The total purchase price for the Acquisition of $6,033,121, includes
(i) the estimated fair value of the equity securities issued, (ii)
the amount of the mortgage note payable issued of $223,421, (iii)
liabilities assumed of $3,319,405, (iv) the present value of future
payments due to the owner of Star Point, and (v) direct costs of
$325,767.
Also in connection with the Agreement, Star Point advanced $1,243,000
to Carlyle under the terms of a note payable.

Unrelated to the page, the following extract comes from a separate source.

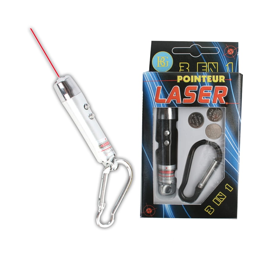 Choisissez ce magnifique laser sur mousqueton pour égayer vos fêtes ! En effet, c'est une petite lampe laser de 7 cm de long, livrée avec un mousqueton et qui pourra servir comme porte-clés. Celle-ci est de couleur argentée. Parfait comme lot de kermesse, pour faire plaisir aux enfants mais aussi pour décorer votre sac !
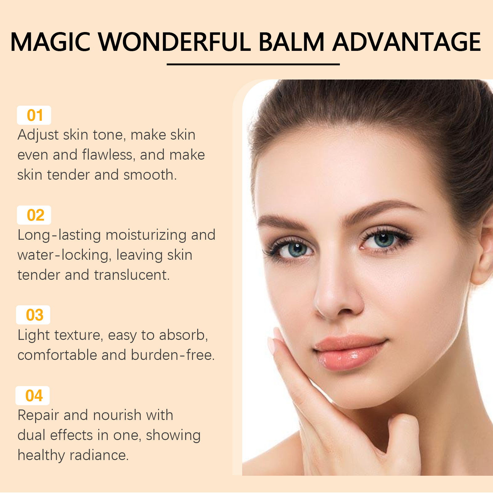我们的亮肤BB日霜含有甘油、透明质酸、烟酰胺。它可以增强肌肤弹性,深层滋养,使肌肤水润饱满。淡化细纹,均匀肤色,使肌肤更亮,更有光泽。抗氧化,延缓皮肤老化,保持皮肤健康。它的使用方法很简单:1. 清洁和干燥面部皮肤;2. 取适量本品均匀涂于面部;3. 粉底和化妆品可以结合使用,还是可以单独使用。轻松创造半透明的肤色,让你的皮肤容光焕发。双重保湿,让肌肤整天保持水润。

The amount advanced
was used to repay certain long-term debt of Star Point and to repay a
portion of Star Point's line of credit. Carlyle also entered into a
new line of credit with a bank, the proceeds from which were used to
pay off the balance of Star Point's line of credit.
(2) Pro Forma Adjustments
The following adjustments were recorded to give effect to the
combination of Carlyle and Star Point.
(a) Adjustment to record the fair value of property and equipment
acquired in the business combination.
(b) Adjustment to record the fair value of the building acquired
from a related party of Star Point in connection with the
business combination.
(c) Adjustment to record goodwill, representing the excess of the
purchase price over the net assets acquired.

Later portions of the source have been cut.